MMT's brave Applause earns applause

Some musicals demand glitzy, showbiz values and little Minneapolis Musical Theater (MMT) rises to the occasion in a simple but glamorous production of Charles Strouse, Lee Adams, Betty Comden and Adolph Green's Applause, a musical adaptation of the film, All About Eve. The costumes are gorgeous, the dancing energetic, the orchestra strong and the voices variable.

MMT cleverly arranged to open this production on the weekend of the Tony Awards. Applause not only won four Tonys in 1970, but the musical opens on a scene from a Tony Award night.

Sophisticated Broadway star Margo Channing announces young Eve Harrington for the best actress award. While Eve is thanking all the right people, the lights dim to Margo's venomous inner thoughts about Eve. The rest of the musical recounts how, in a backstage tale of deception, treachery and ego, her aversion came about.

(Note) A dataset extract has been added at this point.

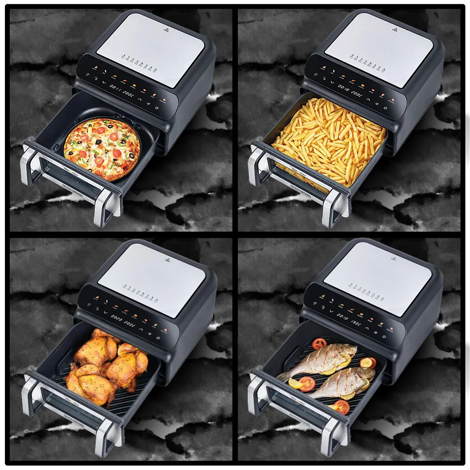 The built-in preheating function ensures even heat circulation throughout the cooking chamber. Preheating helps reduce overall cooking time and guarantees a crispy, golden finish on fries, pizza, roasted chicken, and more.

Margo is a larger-than-life celebrity, a witty and dynamic woman who is packed with talent and faults in equal measure; she's insecure about her age, her lover and her career. On opening night of a new smash hit, a seemingly ingenuous young woman with a bad luck story who admires Margo, ingratiates herself into the star's private life. Eve makes herself indispensable, then systematically works to usurp Margo's career, her lover and her life.

The stylish book by Comden and Green has fun as it breaks the fourth wall, when Margo tells the orchestra to shut up, but it also reflects 1970s attitudes towards being Jewish and towards domesticity for woman.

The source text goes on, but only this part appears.